== Work order ==
Word for word, copy the data that follows and skip its pictures.

== Information supplied ==
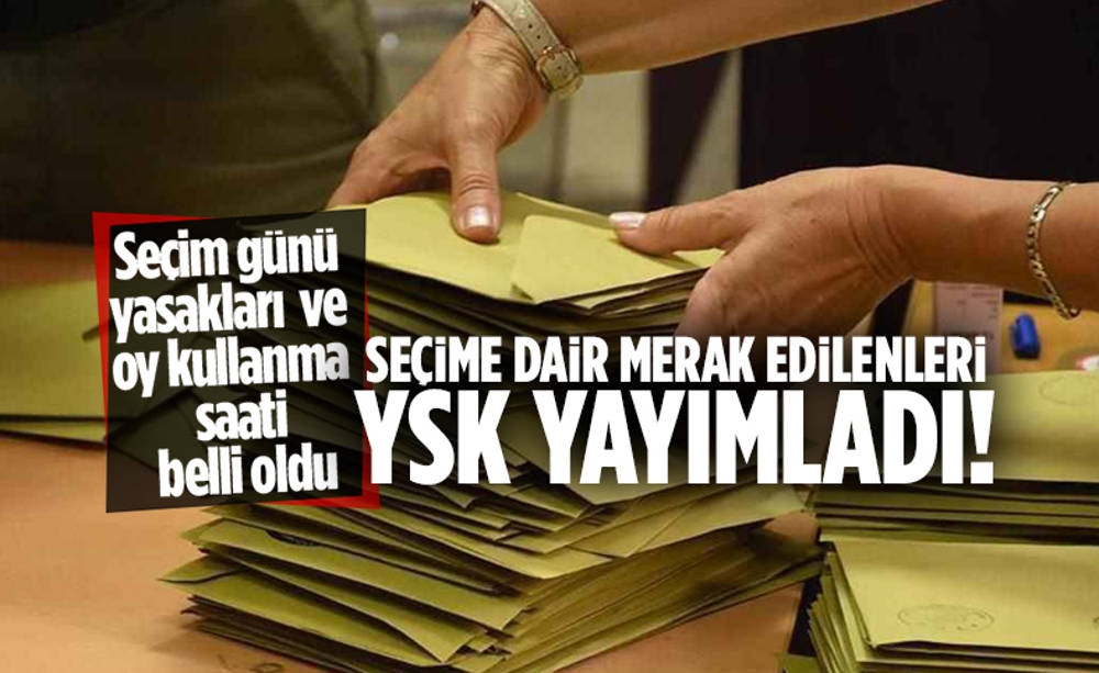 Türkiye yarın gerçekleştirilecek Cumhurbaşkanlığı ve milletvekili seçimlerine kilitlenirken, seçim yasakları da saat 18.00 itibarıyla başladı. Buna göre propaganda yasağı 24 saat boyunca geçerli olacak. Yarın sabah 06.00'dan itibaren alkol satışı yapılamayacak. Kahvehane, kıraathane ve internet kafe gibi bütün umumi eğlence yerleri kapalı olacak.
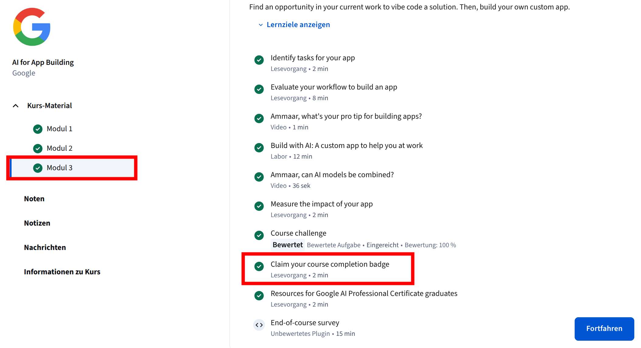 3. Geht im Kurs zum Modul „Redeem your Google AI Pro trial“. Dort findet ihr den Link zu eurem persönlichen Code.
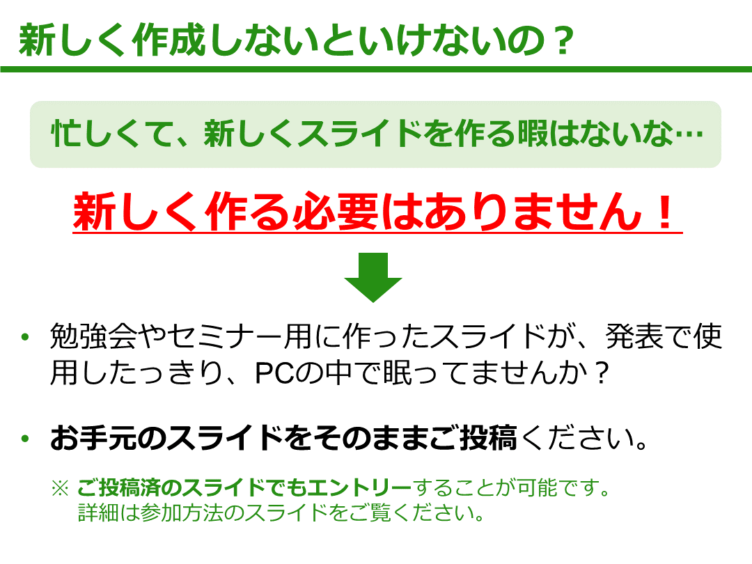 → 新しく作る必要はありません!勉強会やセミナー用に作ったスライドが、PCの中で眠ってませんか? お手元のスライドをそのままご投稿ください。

== Written solution ==
 Türkiye yarın gerçekleştirilecek Cumhurbaşkanlığı ve milletvekili seçimlerine kilitlenirken, seçim yasakları da saat 18.00 itibarıyla başladı. Buna göre propaganda yasağı 24 saat boyunca geçerli olacak. Yarın sabah 06.00'dan itibaren alkol satışı yapılamayacak. Kahvehane, kıraathane ve internet kafe gibi bütün umumi eğlence yerleri kapalı olacak.
 3. Geht im Kurs zum Modul „Redeem your Google AI Pro trial“. Dort findet ihr den Link zu eurem persönlichen Code.
 → 新しく作る必要はありません!勉強会やセミナー用に作ったスライドが、PCの中で眠ってませんか? お手元のスライドをそのままご投稿ください。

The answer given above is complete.